## [TO DO]
Leave every image out, and print the remaining lines below exactly.

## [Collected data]
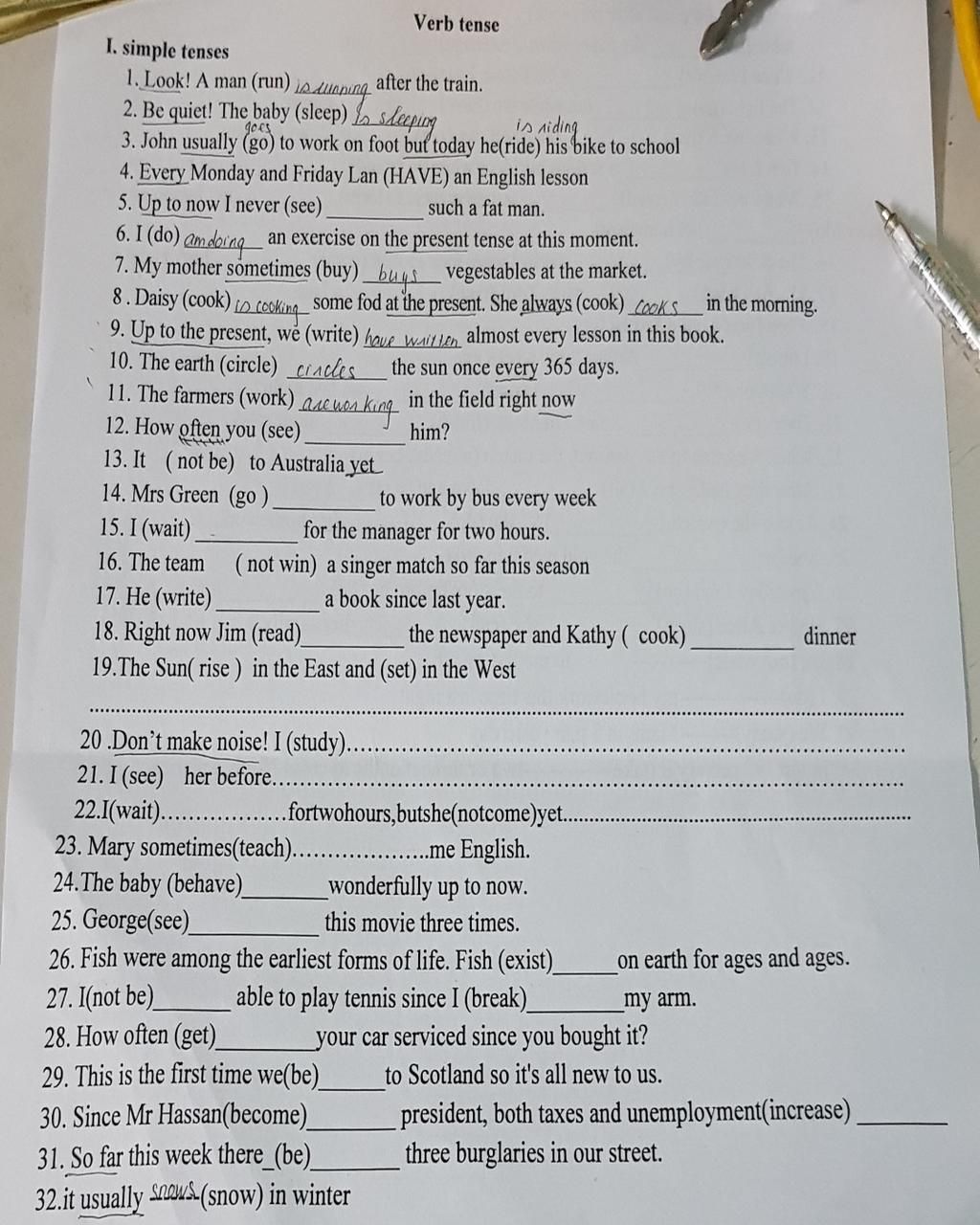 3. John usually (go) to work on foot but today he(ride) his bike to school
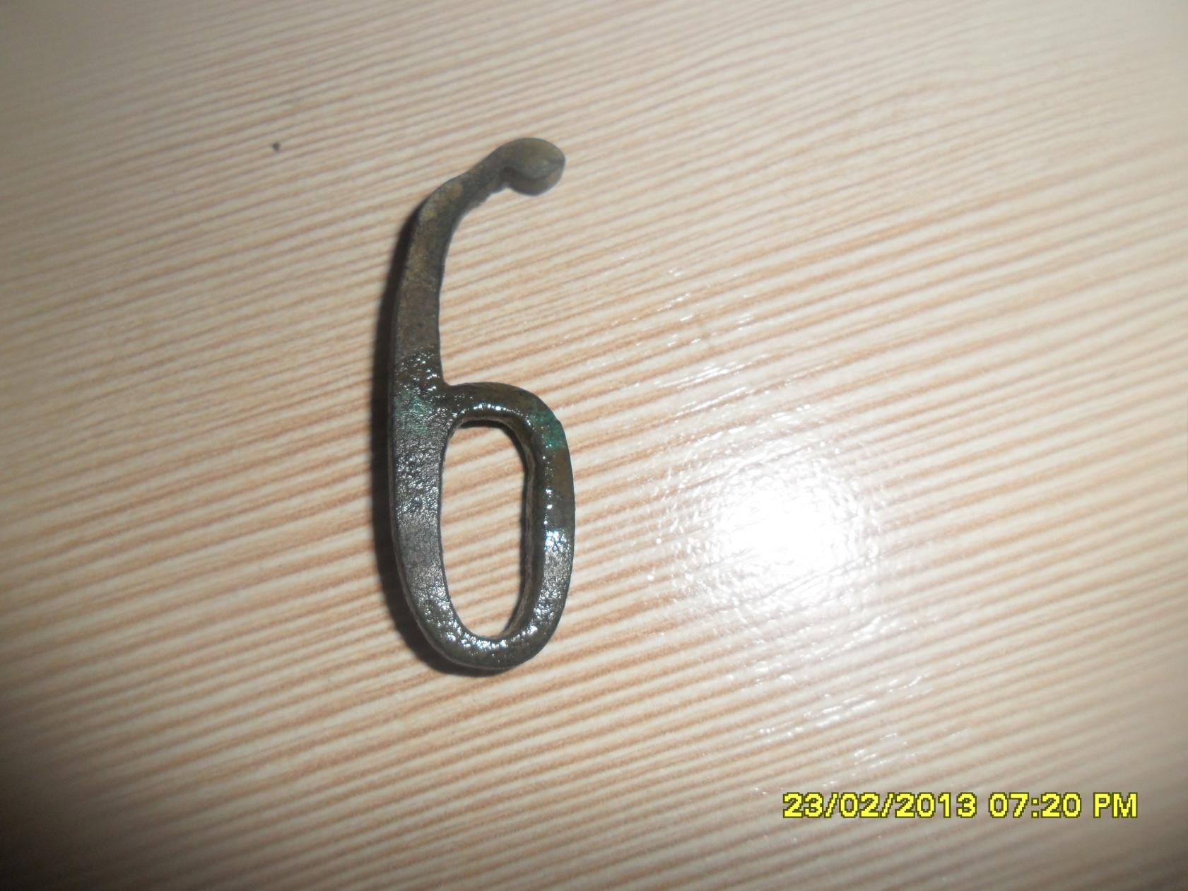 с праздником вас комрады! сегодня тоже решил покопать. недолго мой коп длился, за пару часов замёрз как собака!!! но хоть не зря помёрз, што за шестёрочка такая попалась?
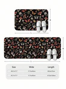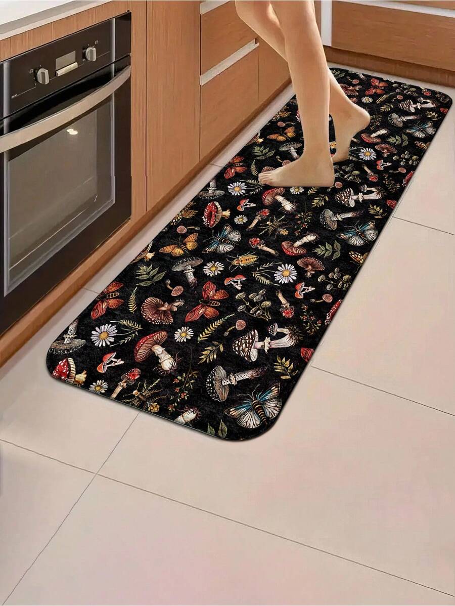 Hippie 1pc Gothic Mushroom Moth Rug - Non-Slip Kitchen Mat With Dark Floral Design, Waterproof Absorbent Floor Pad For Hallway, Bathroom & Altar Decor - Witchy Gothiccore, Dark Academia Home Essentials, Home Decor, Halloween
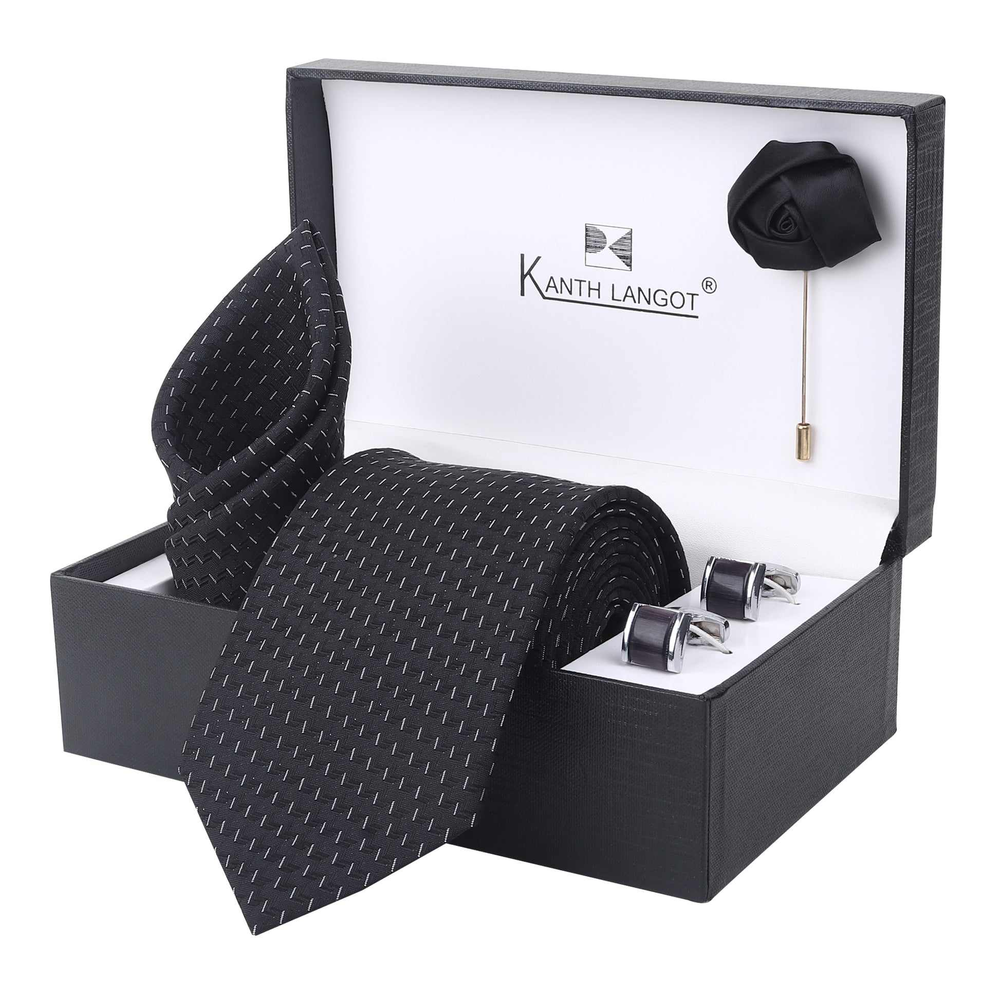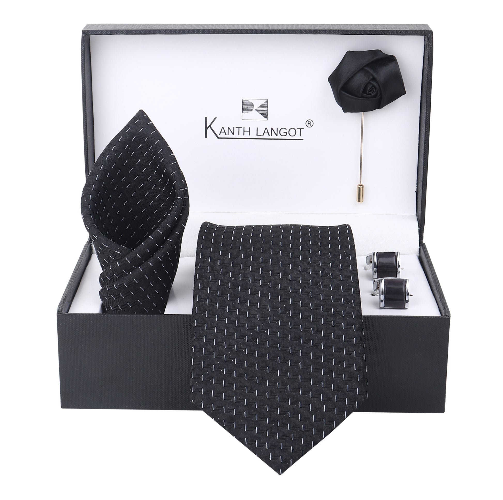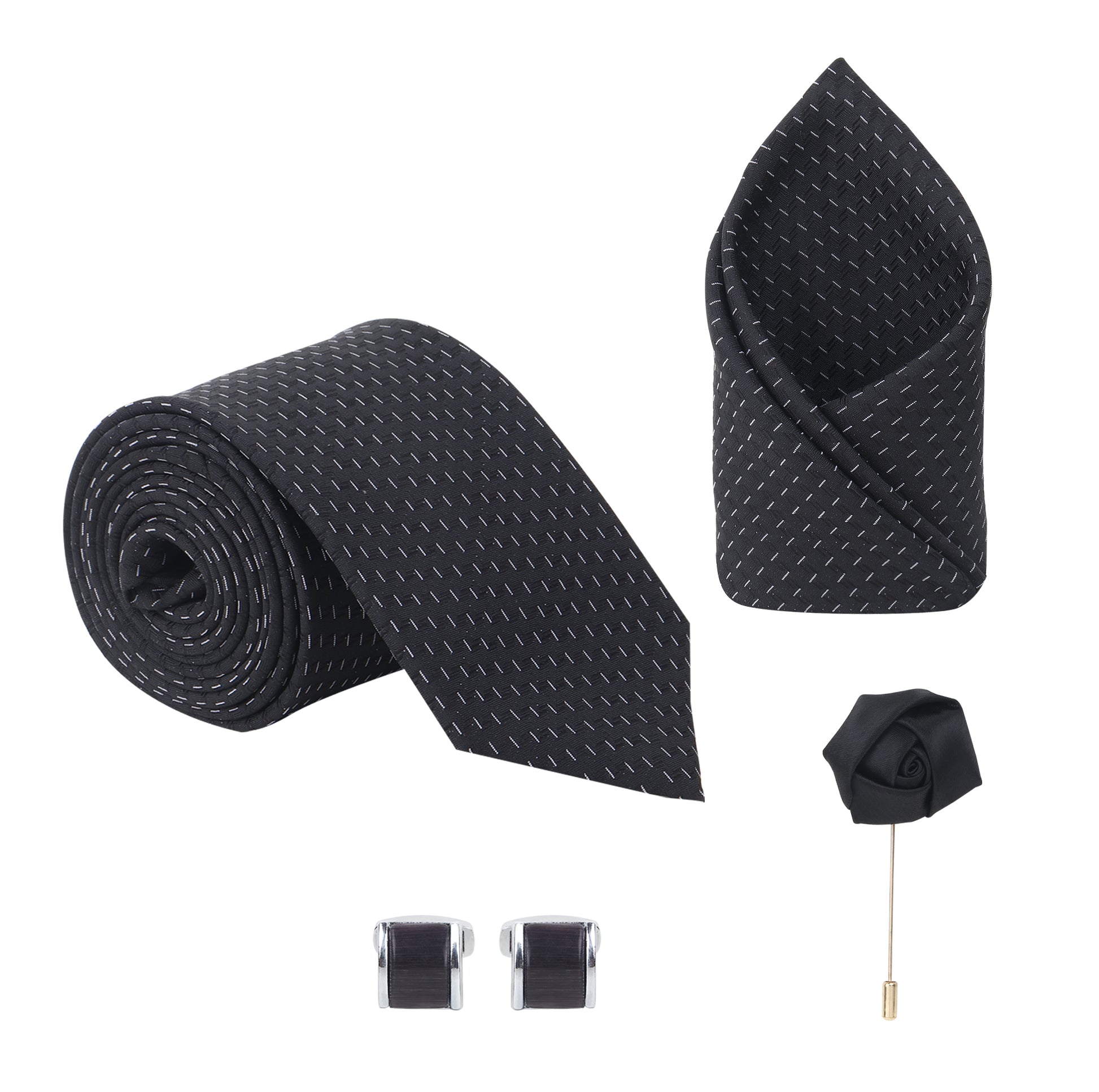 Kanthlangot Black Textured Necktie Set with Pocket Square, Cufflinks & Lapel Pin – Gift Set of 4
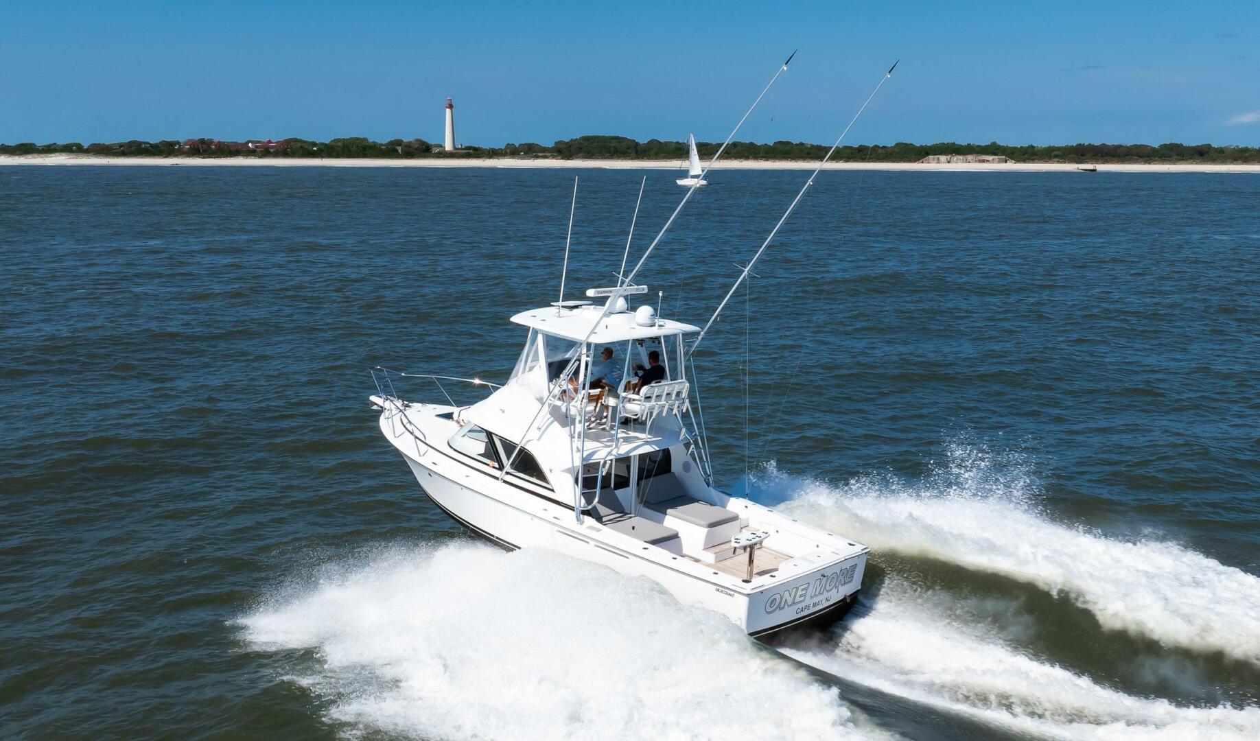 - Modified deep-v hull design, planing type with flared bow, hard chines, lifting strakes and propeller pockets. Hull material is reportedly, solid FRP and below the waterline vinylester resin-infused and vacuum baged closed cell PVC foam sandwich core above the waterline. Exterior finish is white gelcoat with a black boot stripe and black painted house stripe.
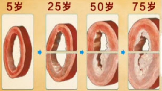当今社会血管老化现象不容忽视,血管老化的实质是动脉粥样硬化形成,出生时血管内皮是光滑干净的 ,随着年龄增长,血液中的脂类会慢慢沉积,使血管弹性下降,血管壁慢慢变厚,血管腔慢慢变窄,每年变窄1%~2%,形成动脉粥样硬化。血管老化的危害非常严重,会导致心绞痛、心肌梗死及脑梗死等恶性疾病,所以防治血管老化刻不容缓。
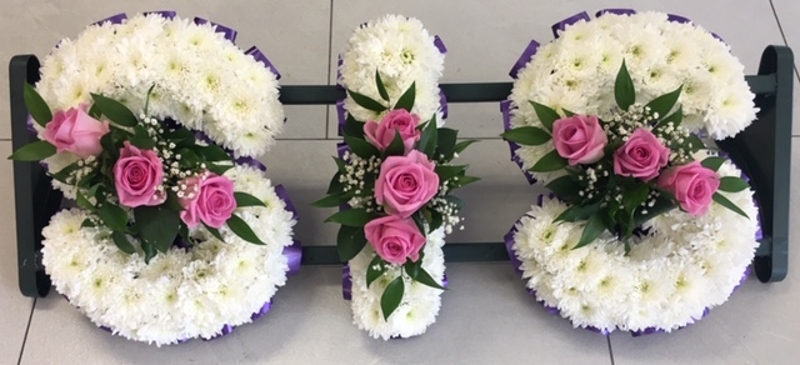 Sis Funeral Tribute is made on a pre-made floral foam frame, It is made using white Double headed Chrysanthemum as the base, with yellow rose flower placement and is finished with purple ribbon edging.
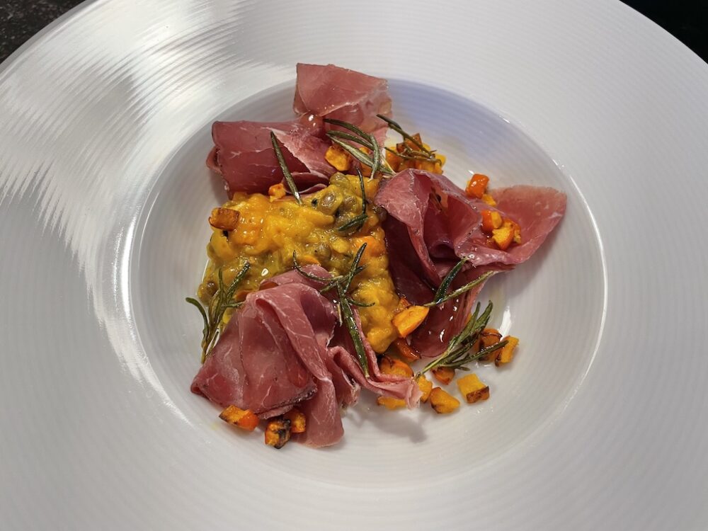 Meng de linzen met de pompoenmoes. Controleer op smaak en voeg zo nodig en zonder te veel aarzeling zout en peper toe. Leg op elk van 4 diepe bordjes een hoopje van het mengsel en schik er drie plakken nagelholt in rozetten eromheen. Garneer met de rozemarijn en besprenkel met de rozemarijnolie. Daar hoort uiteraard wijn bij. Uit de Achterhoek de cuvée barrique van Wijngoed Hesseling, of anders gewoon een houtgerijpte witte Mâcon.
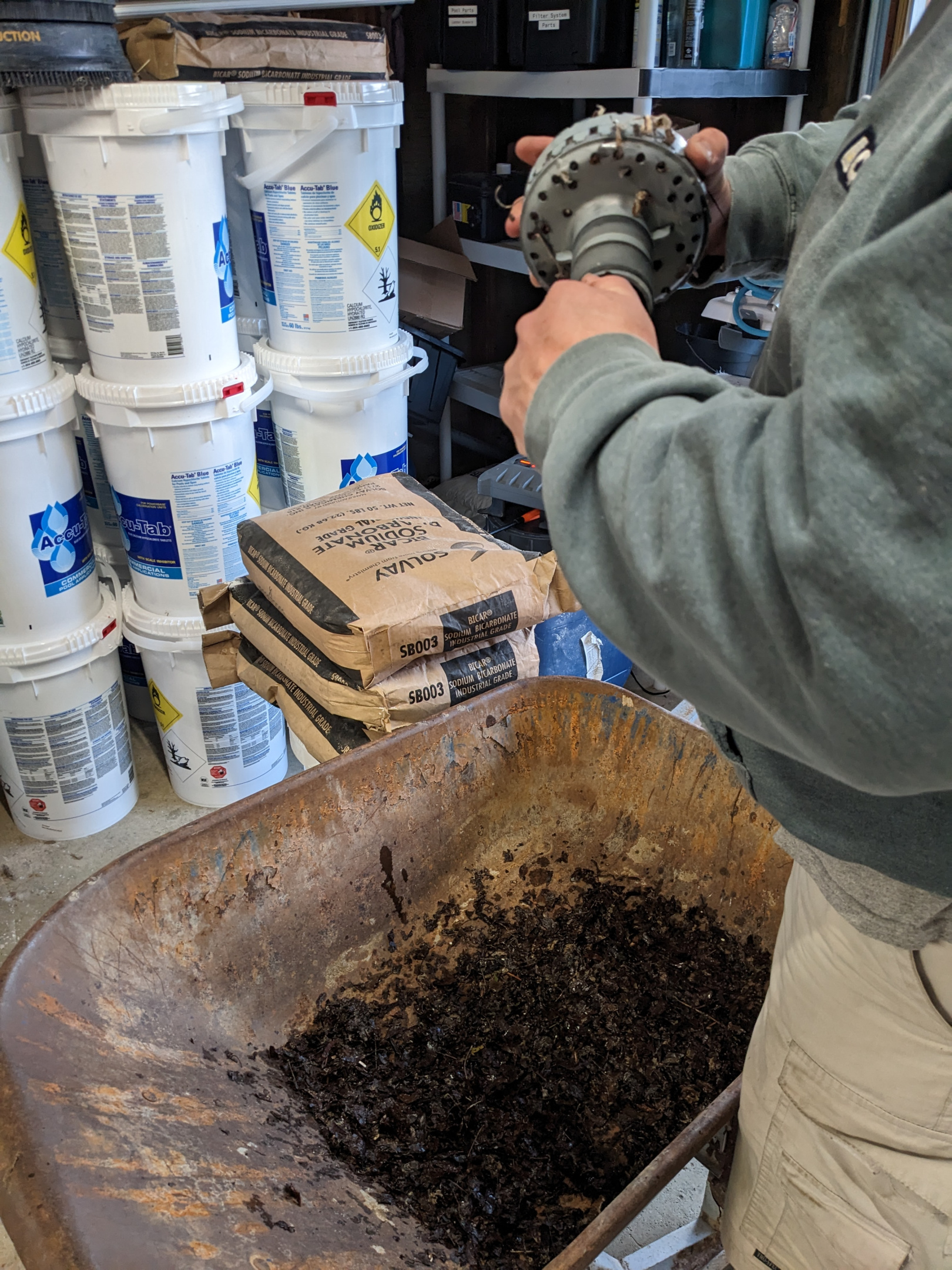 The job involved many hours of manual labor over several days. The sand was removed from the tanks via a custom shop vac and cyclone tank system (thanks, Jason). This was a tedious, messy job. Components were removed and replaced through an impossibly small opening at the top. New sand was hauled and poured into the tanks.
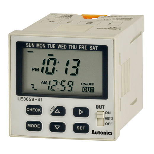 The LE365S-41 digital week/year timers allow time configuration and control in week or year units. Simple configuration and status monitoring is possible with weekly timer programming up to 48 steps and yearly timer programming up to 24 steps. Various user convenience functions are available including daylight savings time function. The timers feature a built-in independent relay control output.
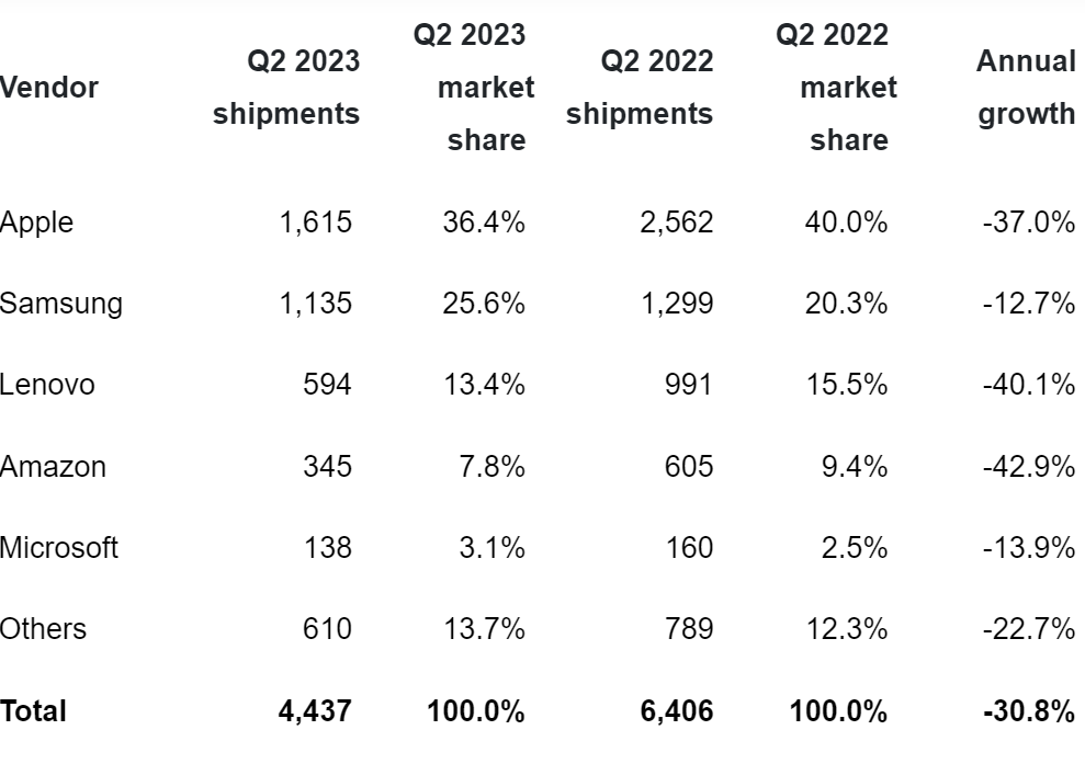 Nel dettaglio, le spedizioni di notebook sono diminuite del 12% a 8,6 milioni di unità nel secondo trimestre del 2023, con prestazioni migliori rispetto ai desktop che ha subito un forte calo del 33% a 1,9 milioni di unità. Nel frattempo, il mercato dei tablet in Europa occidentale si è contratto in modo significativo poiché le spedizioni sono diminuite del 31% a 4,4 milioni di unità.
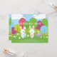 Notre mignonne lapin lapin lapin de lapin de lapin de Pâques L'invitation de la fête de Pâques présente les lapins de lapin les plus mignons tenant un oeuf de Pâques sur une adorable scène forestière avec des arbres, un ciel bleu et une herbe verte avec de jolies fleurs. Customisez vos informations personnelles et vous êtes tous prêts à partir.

## [RESPONSE TO THE TASK]
 3. John usually (go) to work on foot but today he(ride) his bike to school
 с праздником вас комрады! сегодня тоже решил покопать. недолго мой коп длился, за пару часов замёрз как собака!!! но хоть не зря помёрз, што за шестёрочка такая попалась?
 Hippie 1pc Gothic Mushroom Moth Rug - Non-Slip Kitchen Mat With Dark Floral Design, Waterproof Absorbent Floor Pad For Hallway, Bathroom & Altar Decor - Witchy Gothiccore, Dark Academia Home Essentials, Home Decor, Halloween
 Kanthlangot Black Textured Necktie Set with Pocket Square, Cufflinks & Lapel Pin – Gift Set of 4
 - Modified deep-v hull design, planing type with flared bow, hard chines, lifting strakes and propeller pockets. Hull material is reportedly, solid FRP and below the waterline vinylester resin-infused and vacuum baged closed cell PVC foam sandwich core above the waterline. Exterior finish is white gelcoat with a black boot stripe and black painted house stripe.
当今社会血管老化现象不容忽视,血管老化的实质是动脉粥样硬化形成,出生时血管内皮是光滑干净的 ,随着年龄增长,血液中的脂类会慢慢沉积,使血管弹性下降,血管壁慢慢变厚,血管腔慢慢变窄,每年变窄1%~2%,形成动脉粥样硬化。血管老化的危害非常严重,会导致心绞痛、心肌梗死及脑梗死等恶性疾病,所以防治血管老化刻不容缓。
 Sis Funeral Tribute is made on a pre-made floral foam frame, It is made using white Double headed Chrysanthemum as the base, with yellow rose flower placement and is finished with purple ribbon edging.
 Meng de linzen met de pompoenmoes. Controleer op smaak en voeg zo nodig en zonder te veel aarzeling zout en peper toe. Leg op elk van 4 diepe bordjes een hoopje van het mengsel en schik er drie plakken nagelholt in rozetten eromheen. Garneer met de rozemarijn en besprenkel met de rozemarijnolie. Daar hoort uiteraard wijn bij. Uit de Achterhoek de cuvée barrique van Wijngoed Hesseling, of anders gewoon een houtgerijpte witte Mâcon.
 The job involved many hours of manual labor over several days. The sand was removed from the tanks via a custom shop vac and cyclone tank system (thanks, Jason). This was a tedious, messy job. Components were removed and replaced through an impossibly small opening at the top. New sand was hauled and poured into the tanks.
 The LE365S-41 digital week/year timers allow time configuration and control in week or year units. Simple configuration and status monitoring is possible with weekly timer programming up to 48 steps and yearly timer programming up to 24 steps. Various user convenience functions are available including daylight savings time function. The timers feature a built-in independent relay control output.
 Nel dettaglio, le spedizioni di notebook sono diminuite del 12% a 8,6 milioni di unità nel secondo trimestre del 2023, con prestazioni migliori rispetto ai desktop che ha subito un forte calo del 33% a 1,9 milioni di unità. Nel frattempo, il mercato dei tablet in Europa occidentale si è contratto in modo significativo poiché le spedizioni sono diminuite del 31% a 4,4 milioni di unità.
 Notre mignonne lapin lapin lapin de lapin de lapin de Pâques L'invitation de la fête de Pâques présente les lapins de lapin les plus mignons tenant un oeuf de Pâques sur une adorable scène forestière avec des arbres, un ciel bleu et une herbe verte avec de jolies fleurs. Customisez vos informations personnelles et vous êtes tous prêts à partir.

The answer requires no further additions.